The level based compiling compiles each of the levels 0, 1, and 2 as a single library for each level, resulting in libraries such as:
- libfll_0-0.5.0.so
- libfll_1-0.5.0.so
- libfll_2-0.5.0.so
The monolithic based compiling compiles all of the levels 0, 1, and 2 as a single library, resulting in libraries such as:
- libfll-0.5.0.so
The standard names of individual, level, and monolithic do not overlap by default and can therefoe be installed side-by-side.
Kevin Day [Mon, 29 Jul 2019 04:01:42 +0000 (23:01 -0500)]
Feature: work directory support
Work Directory provides an easier way for developers to compile and test a particular set of FLL libraries and programs without conflicting with the host system.
If the host system has some version of the FLL project installed, the versions in the work directory will be used instead of the system directories.
Specifying the work directory is done via the '-w' or '--work_directory' commands.

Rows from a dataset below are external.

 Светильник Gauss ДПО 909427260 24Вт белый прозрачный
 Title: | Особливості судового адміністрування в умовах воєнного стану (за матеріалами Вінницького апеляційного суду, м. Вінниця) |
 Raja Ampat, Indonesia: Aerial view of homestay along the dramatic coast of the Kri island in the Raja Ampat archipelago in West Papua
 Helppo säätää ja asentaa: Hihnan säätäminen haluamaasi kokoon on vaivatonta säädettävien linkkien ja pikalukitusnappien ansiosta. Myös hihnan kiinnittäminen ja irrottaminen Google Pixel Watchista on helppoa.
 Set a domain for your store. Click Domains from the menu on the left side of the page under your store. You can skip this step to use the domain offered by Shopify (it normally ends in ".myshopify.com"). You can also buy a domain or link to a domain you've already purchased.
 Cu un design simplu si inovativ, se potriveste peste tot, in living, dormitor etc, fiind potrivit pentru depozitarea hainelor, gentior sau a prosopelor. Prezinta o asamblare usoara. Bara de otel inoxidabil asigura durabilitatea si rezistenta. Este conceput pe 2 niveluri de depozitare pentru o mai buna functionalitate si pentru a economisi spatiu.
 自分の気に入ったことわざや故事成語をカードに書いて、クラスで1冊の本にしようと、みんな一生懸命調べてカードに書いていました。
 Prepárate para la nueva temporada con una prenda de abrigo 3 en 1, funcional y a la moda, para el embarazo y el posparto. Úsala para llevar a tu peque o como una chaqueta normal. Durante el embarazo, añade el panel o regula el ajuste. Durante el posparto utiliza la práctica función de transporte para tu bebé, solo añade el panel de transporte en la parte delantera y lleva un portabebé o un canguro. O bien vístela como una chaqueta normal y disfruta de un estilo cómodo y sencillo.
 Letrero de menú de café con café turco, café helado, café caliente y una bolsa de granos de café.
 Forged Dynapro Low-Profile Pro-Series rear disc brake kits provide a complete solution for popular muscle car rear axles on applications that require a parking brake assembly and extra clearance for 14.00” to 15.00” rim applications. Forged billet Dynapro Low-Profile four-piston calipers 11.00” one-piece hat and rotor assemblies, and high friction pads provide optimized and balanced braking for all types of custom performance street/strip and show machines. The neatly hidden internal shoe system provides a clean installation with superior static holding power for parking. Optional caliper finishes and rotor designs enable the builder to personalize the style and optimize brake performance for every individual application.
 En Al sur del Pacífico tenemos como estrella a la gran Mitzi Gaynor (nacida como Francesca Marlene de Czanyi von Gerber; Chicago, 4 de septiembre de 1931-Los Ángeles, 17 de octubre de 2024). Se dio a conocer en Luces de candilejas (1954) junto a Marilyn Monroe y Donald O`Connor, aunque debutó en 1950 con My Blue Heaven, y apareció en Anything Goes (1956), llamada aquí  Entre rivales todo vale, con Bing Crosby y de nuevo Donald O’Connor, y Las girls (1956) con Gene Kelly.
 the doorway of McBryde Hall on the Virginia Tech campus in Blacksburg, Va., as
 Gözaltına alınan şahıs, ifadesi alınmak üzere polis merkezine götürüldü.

To better achieve this functionality in the install.sh script, four new additional parameters were created:
- --libraries-static
- --libraries-shared
- --programs-static
- --programs-shared
These provide additional relative or absolute paths for installing the programs and libraries into.
The relative paths for --libraries-static and --libraries-shared is the library directory (which can be specified via --libdir).
The relative paths for --programs-static and --programs-shared is the program directory (which can be specified via --bindir).
Kevin Day [Mon, 29 Jul 2019 01:34:08 +0000 (20:34 -0500)]
Cleanup: private firewall files do not need to be #ifdef wrapped
The #ifdef wrappers are intended for custom overrides, which should apply only to functions treated as "public".
These firewall files beginning with private- are private and do not need these wrappings.
Kevin Day [Sun, 28 Jul 2019 22:02:49 +0000 (17:02 -0500)]
Bugfix: install script destination parameters not being respected
I used the wrong name in the grab_next variable when designating to grab the next includedir and libdir.
There is also a mistake where I was copying the destination_prefix onto itself.
Kevin Day [Sun, 28 Jul 2019 21:48:42 +0000 (16:48 -0500)]
Update: always return 1 on failure
There were some cases where exit is not being called and other cases where exit 0 is being called.
Make sure that exit 1 is called on error so that this script can then be scriptable.
Kevin Day [Sat, 27 Jul 2019 21:31:09 +0000 (16:31 -0500)]
Security: set default policy to DROP after deleting chains
Performing numerous syscalls can by slow.
During this time, if the default behavior is open, then unwanted packets may make it through.
By dropping by default, these packets will not go through.